Welcome, new subscribers who read Friday’s post and joined up!
Oops. I wasn’t paying attention to where the hanging hardware was on that one canvas. The redwood paintings are in the painting workshop because I keep thinking there must be a way to make them better. I haven’t figured out that way yet, and don’t want to mess them up while painting in relative darkness.
Two palettes at once, but primarily mixing and painting skies on canvases, and then laying them back on the table to dry because the peg board was full.
Shove over, redwoods, because the skies need your places.
I wonder what these will look like when the sun comes out. Probably will have poor coverage and need recoating.
Time to move on. All the skies I can cover for the day are covered. This citrus painting has been collecting dust and nagging me for 2 months, and it is time to address it.
Hello, Mr. Incomplete Citrus Painting (How is that for addressing a painting?)
The sizes and placements weren’t right. They still might not be the best. The detail will have to wait until I have this settled.

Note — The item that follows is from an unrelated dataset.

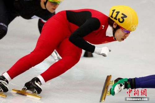 资料图:2014年索契冬奥会短道速滑女子1500米决赛中,中国选手周洋夺得冠军,成功卫冕,这也是中国代表团本届冬奥会第三枚金牌。图为周洋在决赛中。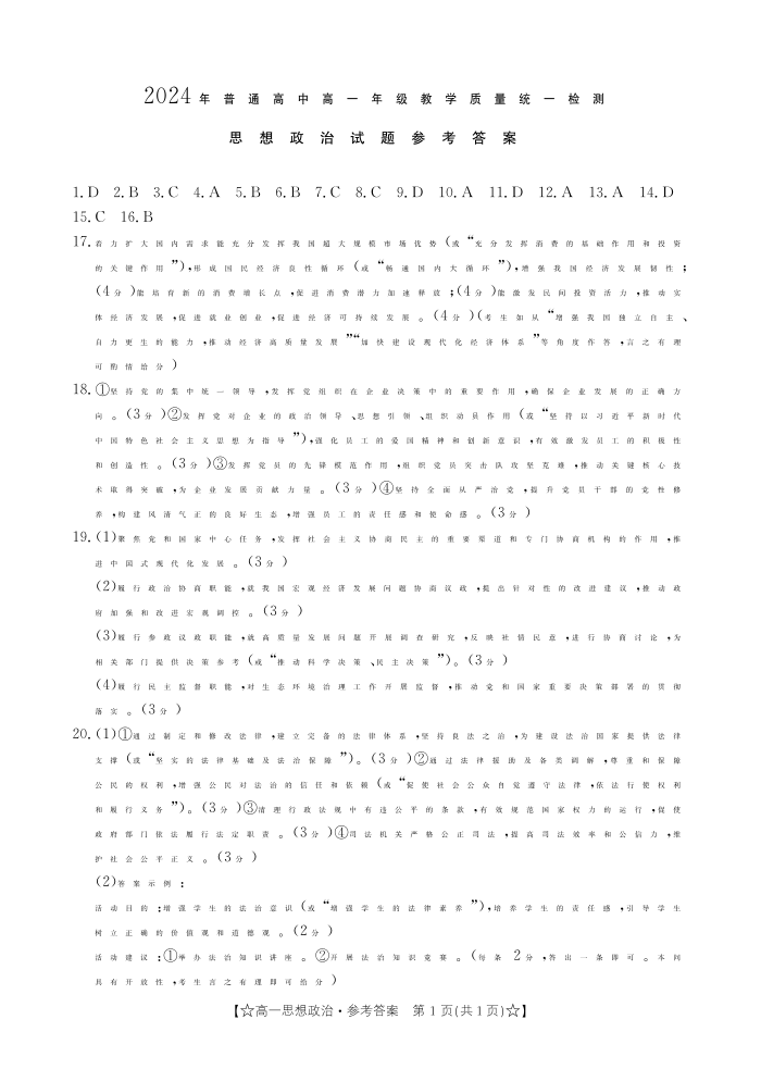 甘肃省普通高中2023-2024学年高一下学期期末教学质量统一检测 政治答案

That will require a sunlit day.
This might be a boring subject. Please forgive me, and come back on Monday when I might have something more interesting to share.
Sometimes people say “I don’t know how to get your blog”. They don’t mean “get” as in “understand” ; they do mean how to receive email notifications. (Anyone can read the blog at any time by simply going to cabinart.net and clicking on BLOG in the menu bar.)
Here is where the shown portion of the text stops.